Korea Exchange Bank continues to carry Moody's Investors Service
"C-" Bank Financial Strength Rating.


====================
N E W  Z E A L A N D
====================


ALLIED FARMERS: Unit Receives NZ$2.45MM Bridgecorp Loan Settlement
------------------------------------------------------------------
Allied Farmers Limited said that its wholly owned subsidiary,
Allied Farmers Investments Limited, has received NZ$2.45 million
in relation to the full and final settlement of a loan made by
Hanover to Bridgecorp Limited (in Receivership).
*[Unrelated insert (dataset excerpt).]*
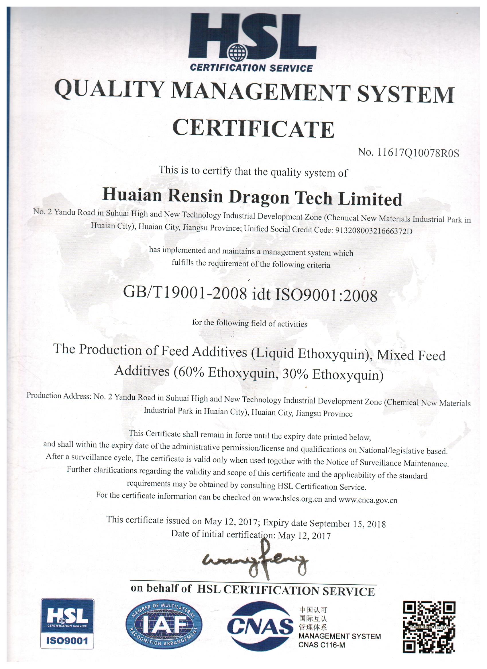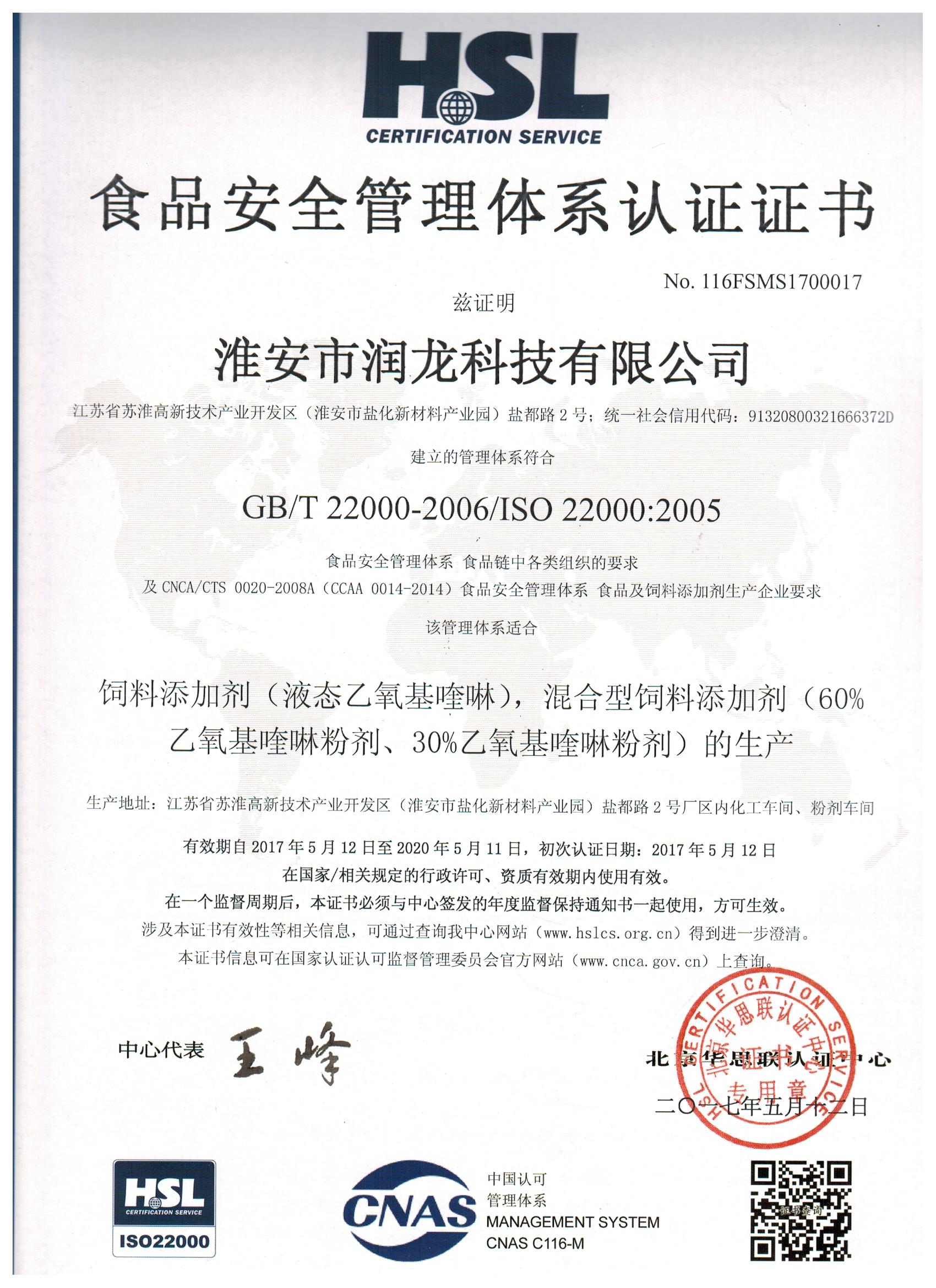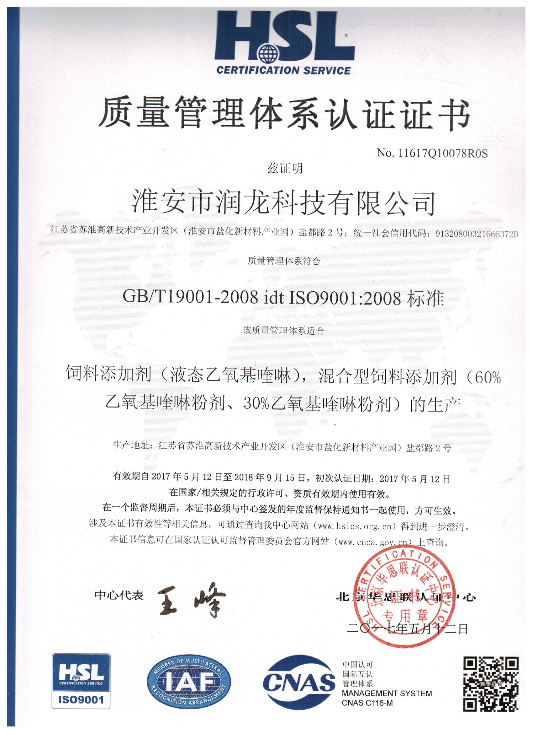 潤龍科技乙氧基喹啉自投產(chǎn)以來,生產(chǎn)穩(wěn)妥、安全、質(zhì)量可靠,生產(chǎn)理念堅持走全球一體化道路,所投產(chǎn)的產(chǎn)品全部基于國際質(zhì)量水平的技術(shù)基礎(chǔ)之上實(shí)施,主營產(chǎn)品“乙氧基喹啉”已家喻戶曉,暢銷亞洲、歐洲、南美洲、北美洲、大洋洲等30多個國家和地區(qū),年出口占比高達(dá)80%以上。同時,與國內(nèi)多家百強(qiáng)企業(yè)形成強(qiáng)力的合作關(guān)系。

The proceeds had been withheld due to claims by the Inland Revenue
Department against Bridgecorp, and while the dispute was been
resolved, the proceeds were being held in a solicitors trust
account. Following a lengthy process, in May 2011, judgment was
found in favor of Bridgecorp, and the Inland Revenue Department
withdrew its claim allowing the funds to be distributed.

The loan had been provisioned at nil by Allied Farmers.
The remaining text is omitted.